▸ Stored records:
▽
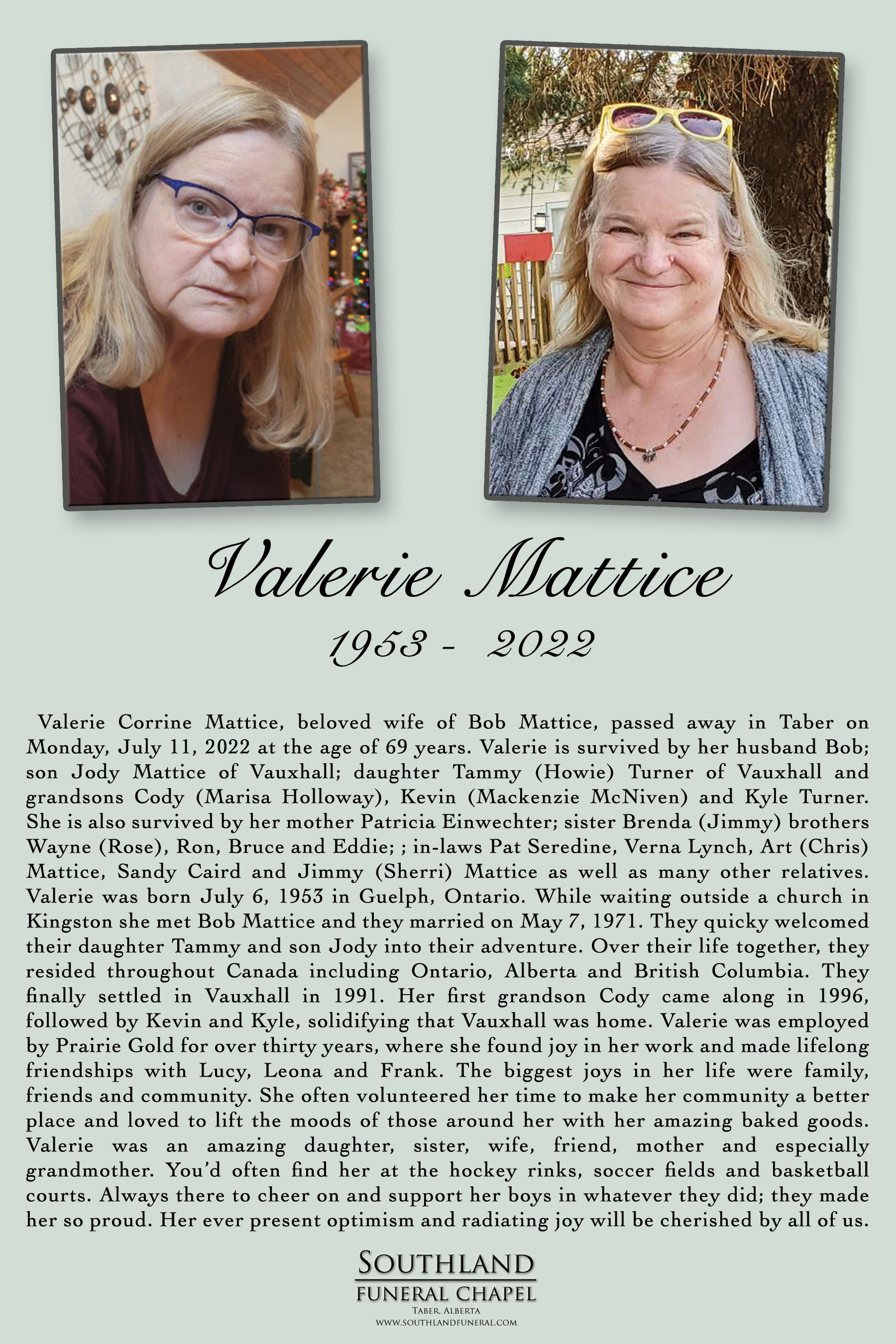 Valerie was born July 6, 1953 in Guelph, Ontario. While waiting outside a church in Kingston she met Bob Mattice and they married on May 7, 1971. They quicky welcomed their daughter Tammy and son Jody into their adventure. Over their life together, they resided throughout Canada including Ontario, Alberta and British Columbia. They finally settled in Vauxhall in 1991. Her first grandson Cody came along in 1996, followed by Kevin and Kyle, solidifying that Vauxhall was home.
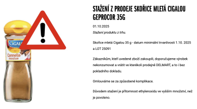 Společnost Delmart stahuje z prodeje Skořici mletou Cigalou 35 g (DMT 1. 10. 2025, LOT 25091). Analýza odhalila ethylenoxid v nepovoleném množství.
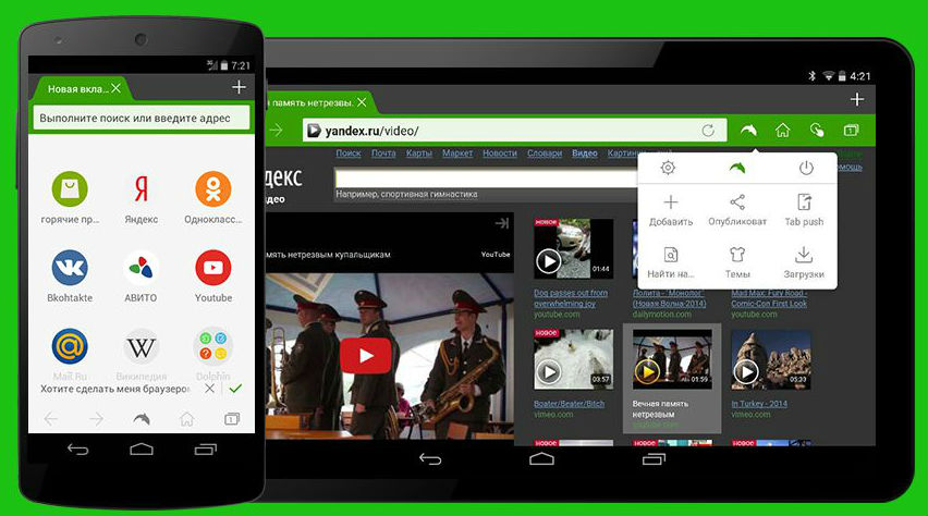 Браузер также поддерживает интеграцию с популярными приложениями и облачными сервисами хранения данных, такими как Facebook, Dropbox и Evernote. Важной чертой Dolphin является поддержка Flash без установки дополнительного программного обеспечения.
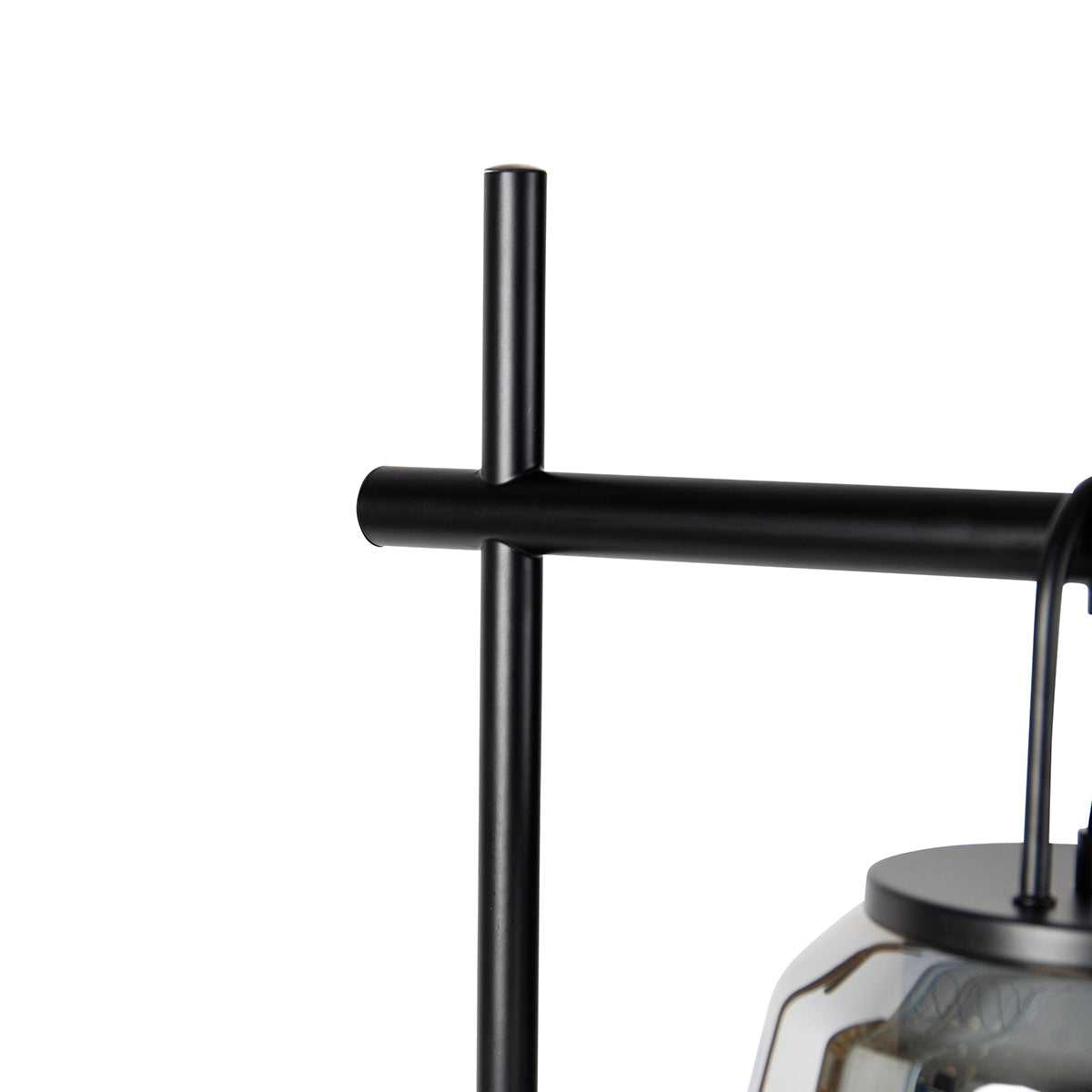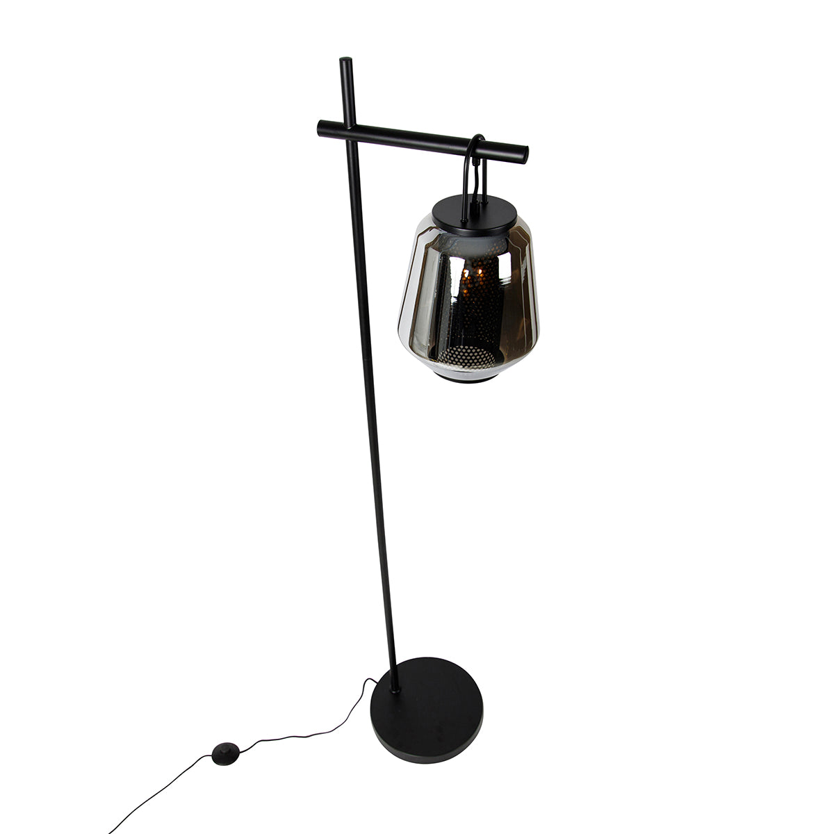 QAZQA Art deco vloerlamp zwart met smoke glas - Kevin
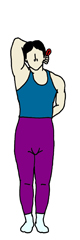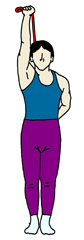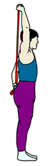 | 二の腕の裏側(上腕三頭筋)を鍛える典型的なチューブエクササイズです。両腕を用いたフレンチプレスもありますが、この片腕ずつ行う方が、刺激する筋肉への意識がしやすくやりやすいと思います。
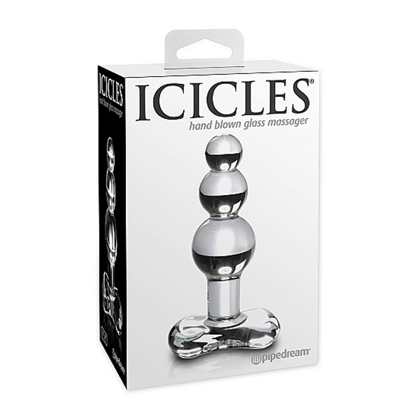 Glazen dildo welke met de hand is gemaakt. De dildo heeft drie bollen wat zorgt voor nog intensere stimulatie, zowel anaal als vaginaal. Met een kleine bol aan de top en de grootste bol aan het uiteinde. Met slanke hals waardoor de anaal plug goed blijft zitten. Het platte uiteinde zorgt voor veilig gebruik. Het glas is glad en voelt fijn aan op de huid. Gemakkelijk op te warmen of af te koelen met water.
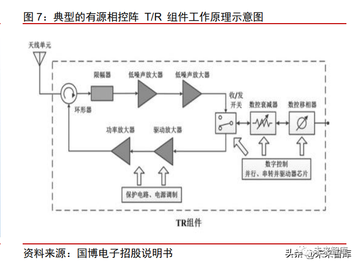 T/R 組件核心功能已采用芯片實現,可分為放大類芯片和控制類芯片。T/R 組件主要 包含發射通道、接收通道和驅動控制三個部分。隨著固態有源集成電路的發展,T/R 組件 中的核心功能全部采用芯片實現,其中發射通道和接收通道的主要芯片為放大類芯片,驅 動控制的主要芯片為控制類芯片。放大類芯片中,低噪聲放大器一般用于實現接收通道的 射頻信號放大,處于接收鏈路的前端,低噪聲放大器的性能對整個通信設備的信噪比等指 標至關重要;功率放大器的作用是對發射通道的射頻信號進行放大,是無線通信設備射頻 的核心組成部分,影響整個無線通信設備發射性能、系統功耗等重要指標。控制類芯片中, 射頻開關是指可對射頻信號通路進行導通和截止的射頻控制元件,用于信號切換到不同的 信號通路中去;數控衰減器主要用來控制微波信號幅度,實現對信號的定量衰減,通過數 控衰減器調整射頻鏈路的信號幅值,能夠保證信號處在合適的電平上,從而防止發生過載、 增益壓縮和失真。
△
▸ Problem requirements:
From the first line of the entries above through the line with "Společnost Delmart stahuje", set down each line exactly and drop the pictures.

▸ Answer section:
 Valerie was born July 6, 1953 in Guelph, Ontario. While waiting outside a church in Kingston she met Bob Mattice and they married on May 7, 1971. They quicky welcomed their daughter Tammy and son Jody into their adventure. Over their life together, they resided throughout Canada including Ontario, Alberta and British Columbia. They finally settled in Vauxhall in 1991. Her first grandson Cody came along in 1996, followed by Kevin and Kyle, solidifying that Vauxhall was home.
 Společnost Delmart stahuje z prodeje Skořici mletou Cigalou 35 g (DMT 1. 10. 2025, LOT 25091). Analýza odhalila ethylenoxid v nepovoleném množství.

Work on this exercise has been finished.